🤖 AI Summary
Soft robotic hands commonly suffer from excessive component count, complex assembly, and strong motion coupling. To address these challenges, this work proposes a skin-skeleton-integrated five-fingered biomimetic soft hand. Leveraging multi-material 3D printing (e.g., TPU), the epidermis and rigid skeletal structure are fabricated monolithically in a single step, yielding a fully functional hand composed of only four parts yet endowed with 15 degrees of freedom—enabling thumb abduction/adduction, flexion, opposition, and independent finger flexion. This design innovatively embeds sophisticated dexterous capabilities within a unified soft body, overcoming conventional bottlenecks associated with multi-part assembly and actuation coupling. A modular hybrid actuation scheme—combining pneumatic and tendon-driven mechanisms—is employed to enhance motion reliability and controllability. The resulting prototype is lightweight, rapidly assembled (70% reduction in assembly time), and faithfully replicates key human hand motions.
📝 Abstract
Robot hands that imitate the shape of the human body have been actively studied, and various materials and mechanisms have been proposed to imitate the human body.
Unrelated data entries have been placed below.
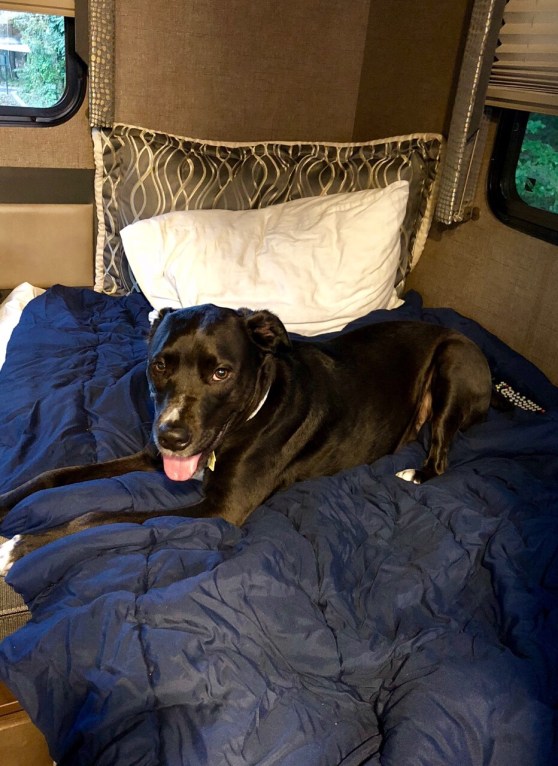 Yogi was glad to see us back at camp. So much so that he barfed a big wad of welcome grass on my bed spread! Poor guy. Riding in the motor home as it rattles and shakes around still makes him nervous. I guess all three of us are out our element. Hmmm… Our emotional state is easily affected by our surroundings and our surroundings are affected by our emotional state. Result? Puke on my bed!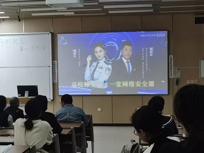 院党委副书记兼纪委书记廖勇明,大一年级辅导员申鑫,学院分团委副书记、大一年级辅导员陈林,电子科技园全体干部、全体干事参加了本次会议。本次网络安全教育活动,科技园全体干部与干事们通过观看一堂网络安全教育课的视频系统地学习了相关知识。课程先是阐述了网络诈骗的损失大、范围广、危害重的特性,随后通过讲述诈骗的具体手段列举了网络诈骗的高发类型,如刷单返利类诈骗、冒充公检法诈骗、冒充客服类诈骗、虚假投资理财诈骗、虚假网络贷款诈骗等。面对千变万化,无孔不入的电信网络诈骗,遵循“三不一多”原则,下载国家反诈APP则是我们有效的防范手段。从总体上学习完电信网络诈骗后,课程又以网络的原住民——我们大学生的视角,从实例出发讲述了电信网络诈骗的类型,如虚假购物诈骗、虚假征信诈骗、冒充熟人的诈骗等,并阐述了大学生遭遇电信网络诈骗的种种原因。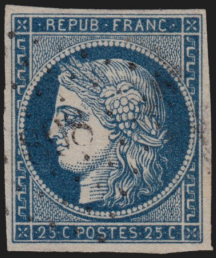 Je possède le timbre Cérès numéro 4 de 1850 – d’une valeur faciale de 25C oblitéré en point.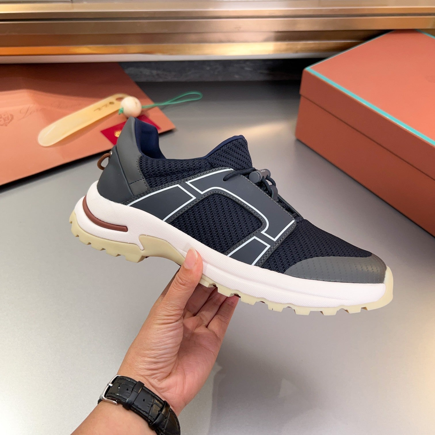 LP BRUNELLO SNEAKERS MULTI - CHARCOAL AND NAVY MESH CALFSKIN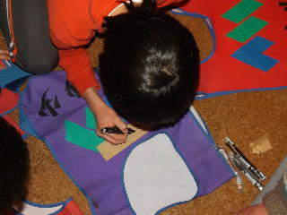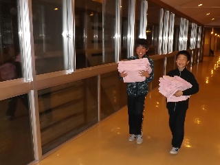 夕食の後,美化係は,シーツと枕カバーを取りに行きました。それぞれの部屋では,明日の「スキー教室」で使うゼッケンに名札をつけました。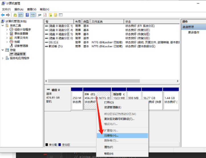 3. 右边鼠标移动C盘上右键选择【压缩卷】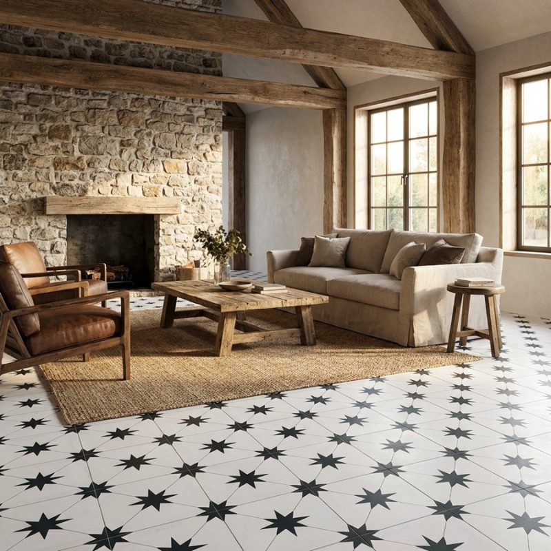 Avec son format 22,3x22,3, ce carreau est parfait pour créer un dallage rythmé, facile à intégrer dans différents styles. Il convient particulièrement à une cuisine où l’on veut une zone visuellement marquée (coin repas, crédence, alcôve), mais aussi dans une salle de bain, une entrée ou un couloir : chaque pièce gagne en personnalité sans surcharger la déco.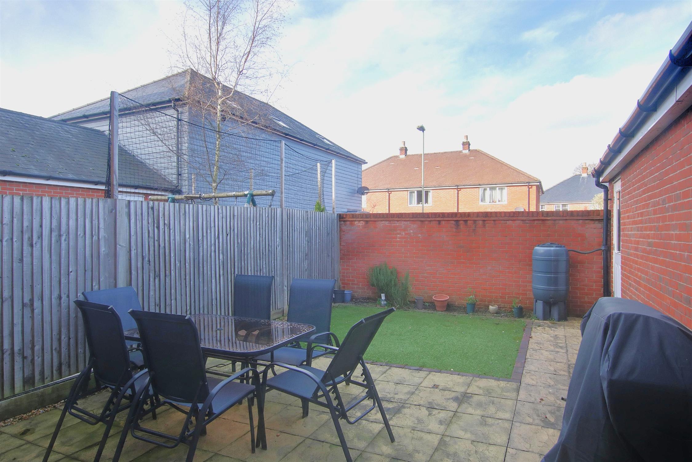 Externally, the property is approached via a small front garden with a paved pathway leading to the front entrance. To the side, a driveway provides off-road parking for two vehicles and leads to a garage with power and lighting. The rear garden enjoys a pleasant aspect and has been thoughtfully landscaped with a level artificial lawn and complementary patio areas, creating a secure and low-maintenance space ideal for family recreation and outdoor entertaining.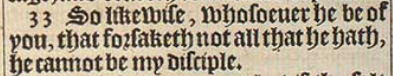 33 So likewise, whosoeuer he be of you, that forsaketh not all that he hath, he cannot be my disciple.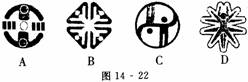 13如图14-22所示,下列四个图形中,对称轴条数最多的一个图形是( )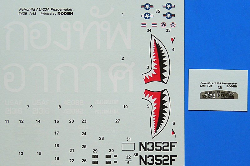 Die Abziehbilder sind von Roden und meiner bisherigen Erfahrung nach sehr störrisch. Sie erlauben die Darstellung eines olivgrünen amerikanischen Einsatz-Erprobungsflugzeugs und zweier recht bunter thailändischer Maschinen.

Although the use of soft materials is advantageous in that it can imitate the characteristics of the human body's epidermis, it increases the number of parts and makes assembly difficult in order to perform complex movements. In this study, we propose a skin-skeleton integrated robot hand that has 15 degrees of freedom and consists of four parts. The developed robotic hand is mostly composed of a single flexible part produced by a 3D printer, and while it can be easily assembled, it can perform adduction, flexion, and opposition of the thumb, as well as flexion of four fingers.